Line Jumper

Capital Investments…reduced…8%. Doug couldn’t go through the presentation again. He was feeling his way through the talking points now. Radio turned off, whit knuckling his way down the West Seattle Bridge and feeling his way through the most important presentation of his life.

I’m screwed. 8% isn’t enough. Not for Mr. Gromitz. 

The line of cars on the bridge trying to exit onto I5 north was always long and today was even longer. Just as Doug reached the the maw of the onramp he saw a car trying to line jump in his rear view mirror. Effing line jumper. Wait your turn a-hole. Just like everyone else. 

Doug pumped the brakes to stay close to the car in front of him. This dance continued for a few steps as the line jumper cruised, looking for a weak spot. Pump. Pump.  Trying to hold the chain taut. But this a-hole was persistent. He rolled up with his two seater, small dick, tinted window Benzo, and started honking at Doug! As if Doug were the a-hole for waiting in line like EVERYBODY ELSE! Doug screamed, in his head.
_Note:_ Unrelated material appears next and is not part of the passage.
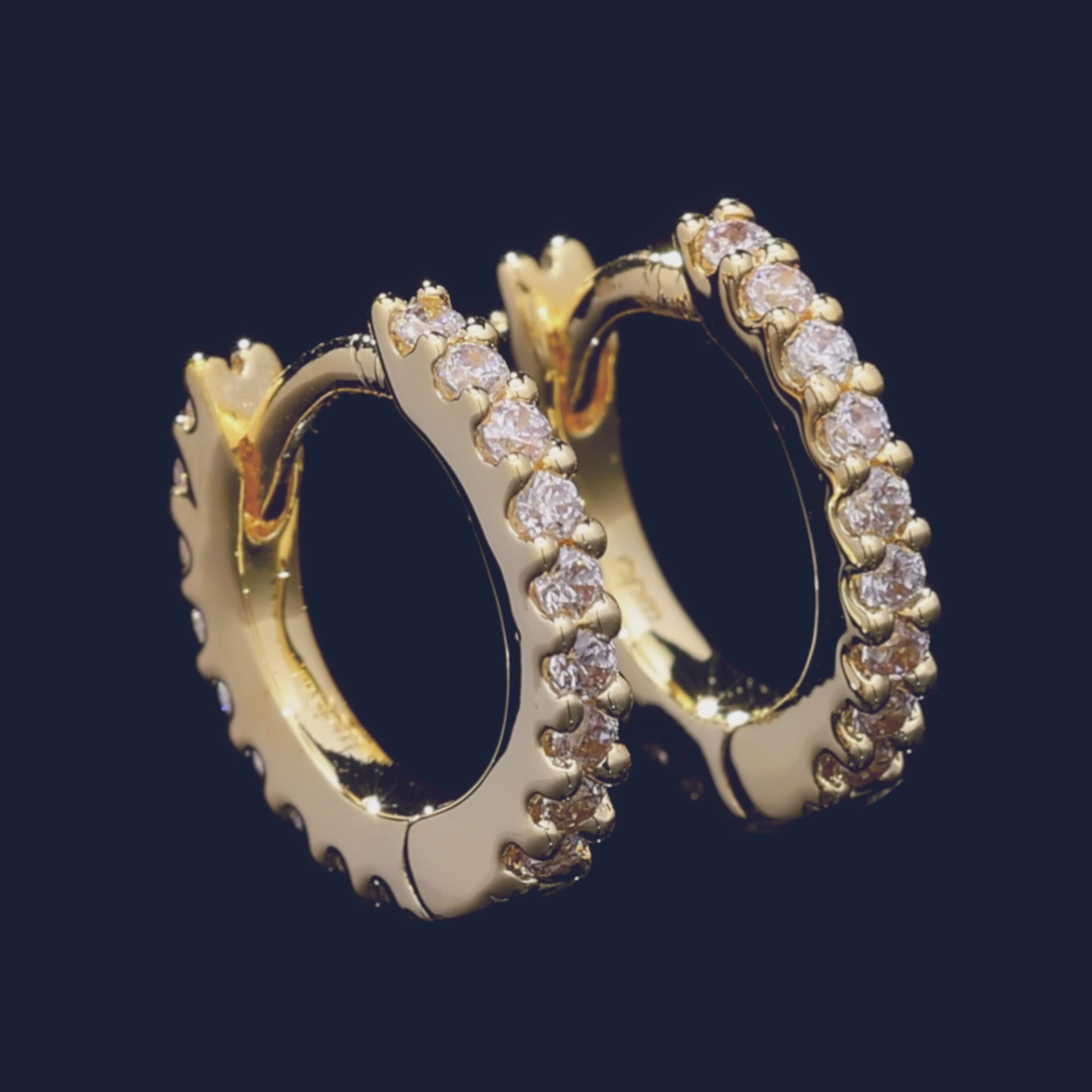 - All our huggie earrings are handcrafted and microset by hand in our ateliers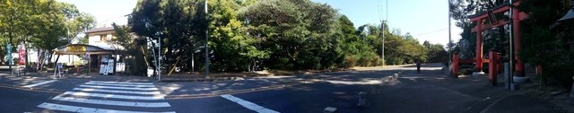 身体が次のカーブを覚えている感じで、走るのは苦になりませんでしたが、自転車や歩行者・ジョギングされてる方もおられますから、ちょいとスピード高めくらいで走り抜けて到着したのが、境内鳥居前にある駐車場です。

Doug pumped his gas trying to close the gap one last time before heading into the maw but a-hole Benzo guy rolled up and forced his way in, hitting the side of Doug’s Cindy Lauper era Honda, and pining his own car against the guard rail.

Oh this mother effer! MOTHER EFFER! Doug sprung from his car mid expletive. “You couldn’t wait in line like everybody else could you”, he admonished the man through dark glass.  Doug continued, “think because you have a Mercedes Benz you can do whatever the ‘f’ you want? Huh? You stupid jerk face! Roll down your window and face me jerk man. Stupid line jumping jerk man!”. Doug continued to hurl ineffectual curses. He did not have a “potty mouth” as he would say, and therefore found it difficult to express the deep anger he often felt.

Seeing his reflection in the window helped Doug to see the folly in rejecting the mother of all expletives.  His two middle fingers shot up into he air as ominously as the Fat Man and Little Boy fell down to earth, and riding torrents of miss-timed comebacks his very first F-bomb exploded on the a-hole in the red Benzo’s window.

“Fuuuuuuuuuuuuck”, reverberated off the window.  Doug’s protracted “Youuuuuuuuuuuuuuuuu!” seemed to go on for years until the brick wall of Mr. Gromitz’s eyes crushed the hanging ‘U’ like a dummy without a seatbelt.

That’s when Doug said “Fuck” for the second time in his life. Followed by “me”.

Jimmie G.

Writer’s Digest Weekly Writing Challenge.

The Confrontation 

Daydreaming on your way to work, you get into a car accident. Frustrated because you will be late for an important meeting, you curse and yell as you get out of the car. When you go to confront the other drive, you find out it is your boss. Write this scene.